• _WHAT IS REQUIRED_: Lines from the one containing "Steve Van bowls" through the final line of the data, restated word for word and free of pictures, make up the whole answer.

• _DATA SHOWN_:

-- Opening Marker --

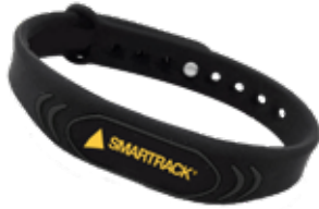
Part No: 16094 SMARTRACK RFID OPERATOR WRISTBAND
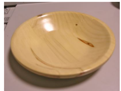
Steve Van bowls - oak, ambrosia maple, box elder
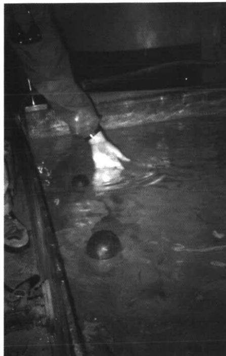
Figure 6 Steel balls floating in tank of native mercury, Almaden, Spain.

-- Closing Marker --

• _RESULT_:
Steve Van bowls - oak, ambrosia maple, box elder
Figure 6 Steel balls floating in tank of native mercury, Almaden, Spain.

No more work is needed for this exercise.